The meeting last Friday was arranged by West Cornwall MP Derek Thomas after he was contacted by villagers who have set up a petition demanding action over the continuing stench from the plant – a smell which was particularly bad in the recent spell of warm weather.
Mike Matthews, one of the residents at the meeting, said it had been ‘unbearable’ at times – over the May Bank Holiday his seven-year-old daughter had gone outside and been physically sick.
“The issue of smell from the treatment works has been going on for in excess of 20 years but it’s 2017 now and the time has come for us to say ‘enough is enough’,” he said.
“As residents, we can’t go out into our gardens on nice days or leave our windows open – it’s an embarrassment having people round to the house and the quality of life is miserable.

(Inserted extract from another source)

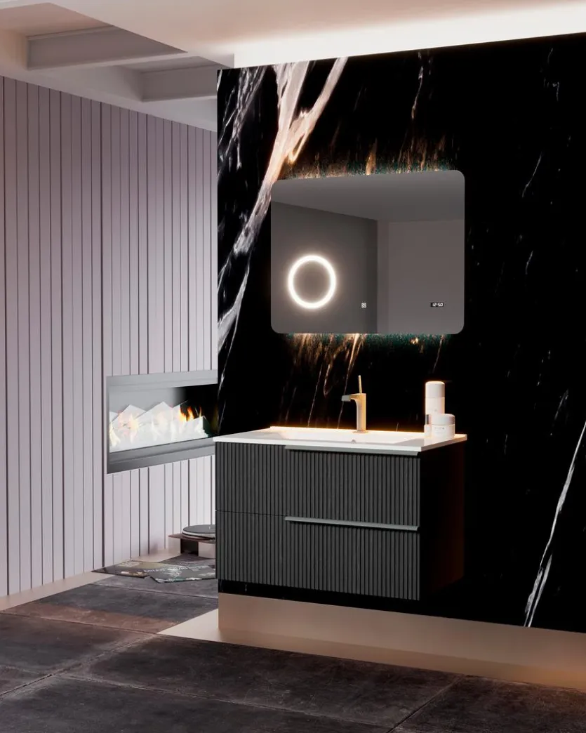 - Front aus Holzwerkstoff (MDF) mit hochwertiger Dekorfolie in Nero Africa gerippt
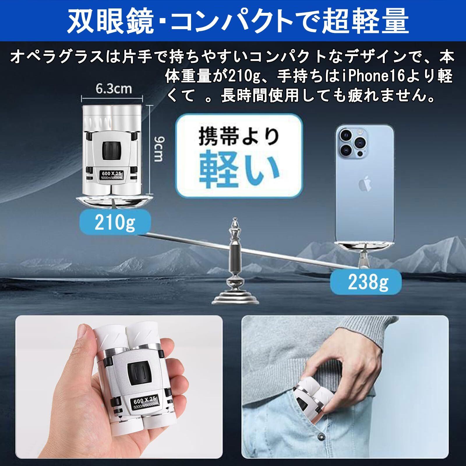 【双眼鏡 ライブ用 ドーム・コンパクトで超軽量】オペラグラスは片手で持ちやすいコンパクトなデザインで、本体重量が約200g、手持ちはiPhone16より軽くて 。滑り止め素材と人間工学に基づいたデザインにより、最大限の労力を節約できます。折りたたむと手のひらサイズになり、女性やお子さんも長時間持っても疲れない。コンパクトでカバンや首掛けて持ち歩いても邪魔になりません。いつでも取り出すと、すぐに観察できます。スタイリッシュで洗練された外観で、バッグの中に入れたり、首や手にかけたりすることができ、持ち運びに便利である。

“In addition, the A30, which runs next to the treatment works, is the gateway to West Cornwall and the smell gives a terrible impression for visitors – what an embarrassment for our tourism industry.”
As well as the smell, the residents also complained about the difficulty in logging complaints with SWW as well as issues around sound and light pollution and the movement of heavy goods vehicles.

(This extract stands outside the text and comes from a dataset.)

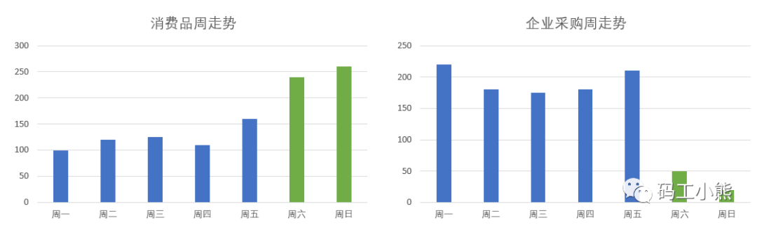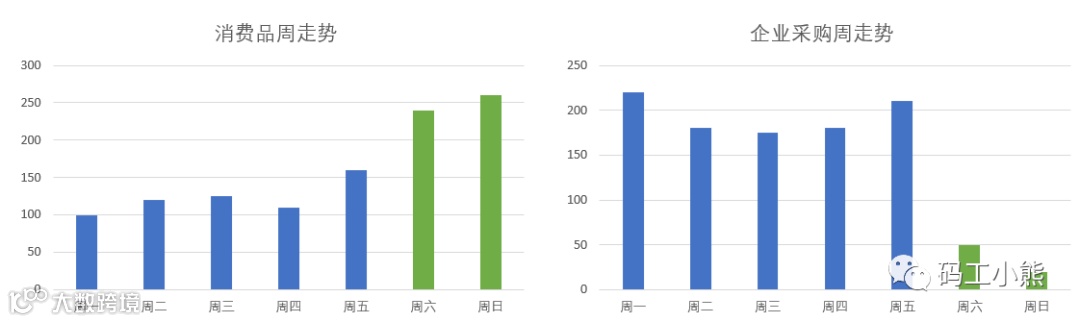 3、周/月波动。有的商品每个季节都有,是人们固定需要的,但是消费者并非每时每刻都会来采购,因此会产生周/月波动。比如快消品一般周末卖得好,人们放假了才有空买东西。toB类采购,则是工作日卖得好,周末没人加班搞采购流程(如下图)。

During a tour of the plant residents identified a noxious smell coming from one of the older tanks – a tank which is due to be replaced later this year as part of an ongoing £8 million investment programme.

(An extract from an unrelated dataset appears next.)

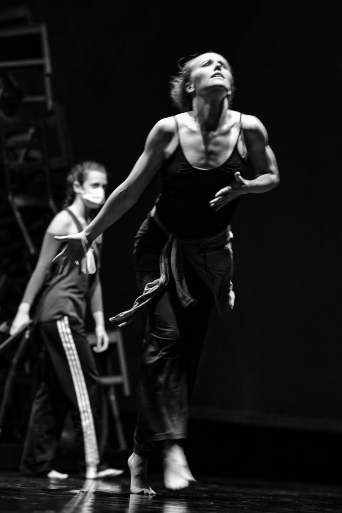Ihr neues Stück nennt sich: „Der Turm“ und wird getragen, ach was, nach vorne gepeitscht von den minimalistischen Kompositionen des Amerikaners Philipp Glass. Vor etwa zwei Wochen hatte ich (getestet natürlich) die Gelegenheit, dieses dunkle, atmosphärisch so beklemmende wie mitreißende Stück in einer Bühnenprobe zu sehen und aus einiger Distanz mit dem Tele-Objektiv Aufnahmen machen. Wirklich eine beglückende Erfahrung, endlich wieder Bühnentanz live zu erleben. Premiere mit Publikum ist am 4. Juni.

Afterwards an action plan was agreed which included SWW saying they would consult specialists to see if temporary measures could be introduced to prevent the smell coming from the tank identified by residents.
SWW also agreed to take immediate action to improve communication links between the plant and local villagers – by inviting residents on to the odour liaison group and by introducing a texting line which has been successful in other parts of the county; they would also investigate the possibility of installing odour detection equipment around the site.
Mr Thomas said it had been a “very constructive meeting” and the first step towards “restoring trust and dialogue” between SWW and the local community.
“There is no doubt that the residents of St Erth have had to put up with a sickening smell for far too long,” he said.
“If SWW need to install new technology and equipment to deal with the problem, I will do all I can to put pressure on the top management of SWW to ensure that that investment happens but I hope that the action plan put in place on Friday will result in measures that will resolve the problems very speedily.
“There seems to be a spirit of co-operation from both sides and a resolve to find a permanent solution.”